The exercise calls for the lines from the one containing "De afmeting van" to the end of the data below to be output exactly, pictures excluded.

- - -

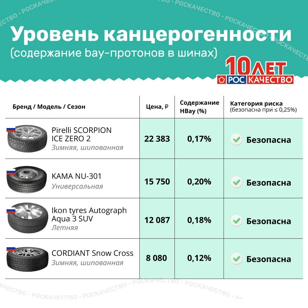 Мы проверили шины на содержание bay-протонов — опасных полициклических ароматических углеводородов, связанных с канцерогенными маслами. В карточках — наглядная инфографика по ценам, брендам и результатам испытаний.
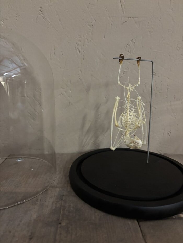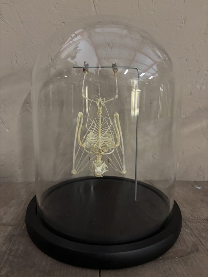 De afmeting van de stolp met Vleermuis skelet is 22 cm hoog met een doorsnede van 20 cm.
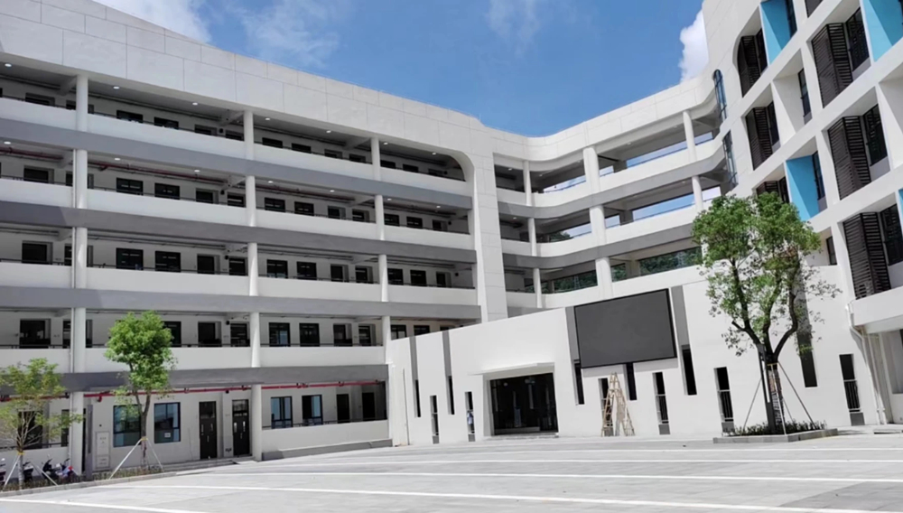 學校占地面積約3.3萬平方米,總建筑面積約3.2萬平方米,辦學規(guī)模36個教學班。校內(nèi)由6棟教學樓、一棟雙層體育館組成,各個教學樓功能分明,分布小學部和初中部、行政樓、實驗樓等。學校建筑以灰白色為主色調(diào),不同功能的教學樓,點綴橙、藍、綠等不同顏色。
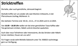 Das Familienzentrum freut sich, für alle Interessierten ein ‘Stricktreffen’ anbieten zu können:
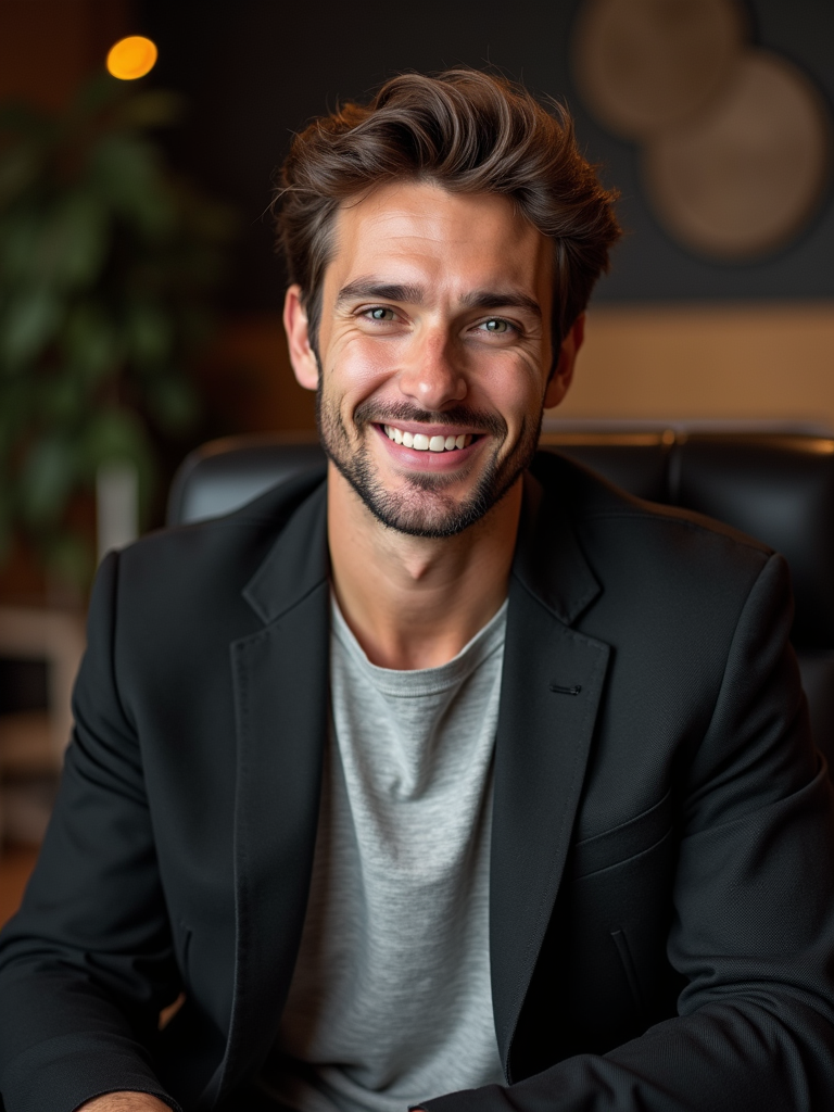 charismatic model dressed in casual blazer over quality t-shirt being interviewed, podcast studio setting, relaxed professional look

- - -

== Problem solution ==
 De afmeting van de stolp met Vleermuis skelet is 22 cm hoog met een doorsnede van 20 cm.
 學校占地面積約3.3萬平方米,總建筑面積約3.2萬平方米,辦學規(guī)模36個教學班。校內(nèi)由6棟教學樓、一棟雙層體育館組成,各個教學樓功能分明,分布小學部和初中部、行政樓、實驗樓等。學校建筑以灰白色為主色調(diào),不同功能的教學樓,點綴橙、藍、綠等不同顏色。
 Das Familienzentrum freut sich, für alle Interessierten ein ‘Stricktreffen’ anbieten zu können:
 charismatic model dressed in casual blazer over quality t-shirt being interviewed, podcast studio setting, relaxed professional look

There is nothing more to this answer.